К вечеру явился Эммануэле, одетый в синие штаны с красной полосой польского копейщика — антикварная редкость! — и куртку защитного цвета. Увидев меня, он заплакал. Потом встал на колени, припал ухом к животу Анны и произнес младенцу длинную галиматью, по окончании которой поднял глаза к небу и подытожил:
— Не хватало нам только этого!
Мы поужинали на кухне вчетвером — свежим хлебом, вялеными кисловатыми помидорами и малосольными анчоусами, только что прибывшими из Савоны. Я наверстывал двухлетнюю историю Пьетра-д’Альба, в которой не произошло ровным счетом ничего. Орсини и Гамбале все так же враждовали между собой. Виола так и не появлялась на публике после падения. Ходили слухи, что она искалечена, изуродована, о чем Франческо, без сомнения, предупредил бы меня, будь оно правдой, ведь мне предстояло завтра ее увидеть. Электричество в имение Орсини так и не провели. Болезнь уничтожила треть померанцевых деревьев, и запах нероли уже не чувствовался так сильно при южном ветре. Никто не умер, даже старый почтальон Анджело, всем объявлявший о своей неминуемой и близкой кончине.

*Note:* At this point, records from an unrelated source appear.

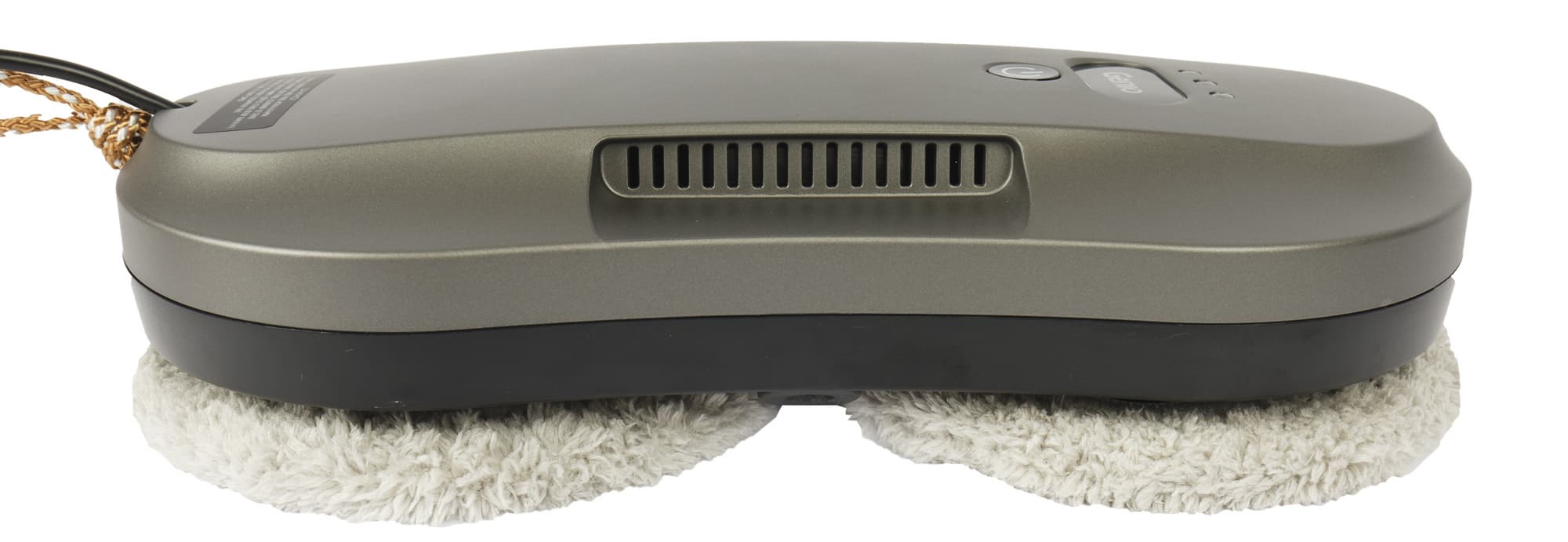 Прижимную силу робота к стеклу обеспечивает скрытый в корпусе бесщеточный мотор с силой всасывания 2800 Па. Два съемных пластиковых круглых колеса на дне корпуса выполняют роль присосок. Колеса фиксируются на корпусе защелкиванием.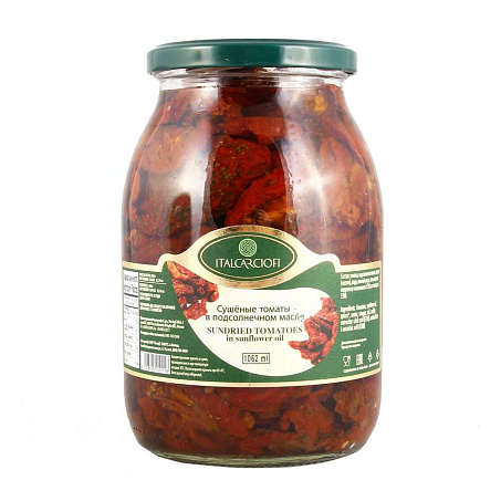 Томаты вяленые в масле 1,062л/900гр (осн.пр.430гр) ст/б Italcarciofi Италия (КОД 14383) (+18°С)
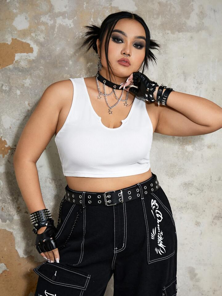Grunge Punk Crop Tank Top mit eingekerbtem Kragen

Как и матери, я представил друзьям подслащенную версию своего пребывания во Флоренции, проще говоря, врал как сивый мерин. С негатива последних двух лет исчезли Бидзаро, Сара и остальные. Я немного злился на себя, хотя и не понимал в полной мере, что, отсекая воспоминание о них, я калечу прежде всего себя. Мне было восемнадцать, а в восемнадцать никто не хочет выглядеть таким, как есть.
Абзац закурил длинную прямую трубку и предложил мне тоже сделать несколько едких затяжек под Млечным Путем. Анна пошла наверх спать. Я завидовал тому, как они переглядываются, как ищут контакта их руки, не зная усталости и пресыщения. Потом, совершенно вымотанный, я вернулся к себе в сарай, чтобы до следующего дня путешествовать во времени.
В ту ночь я спал так, как не спал уже много месяцев, — на тюфяке из свежей соломы, в сладком запахе золотистой травы, еще хранящей призрачную зелень. Мне снилось, что тысячные косяки анчоусов текут по улицам Флоренции, сверкая ртутными боками. «Это к удаче», — сказала мне Анна на следующее утро с абсолютной и заразительной убежденностью полного профана. Я стал над ней подшучивать, притворяться, что совсем не верю в приметы. И неожиданно сам стал надеяться, что легендарная фортуна Виталиани — известная своим отсутствием — наконец-то обратится ко мне лицом.
Днем в мастерскую прибыл секретарь Франческо. Он вручил мне два конверта. Первый содержал аванс в две тысячи лир. Я отдал половину Абзацу и Анне, которые вытаращились на банкноты и сначала наотрез отказывались их принимать. Они согласились, только когда я объявил им, что деньги даю для ребенка и на установку новой печки, которая будет хорошо обогревать весь дом. Во втором конверте было рукописное приглашение на открытке с тисненым гербом Орсини: «Маркиз и маркиза Орсини, их сыновья Стефано и Франческо и дочь Виола рады пригласить Вас на виллу Орсини на ужин, который состоится 3 января 1923 года в 20:30».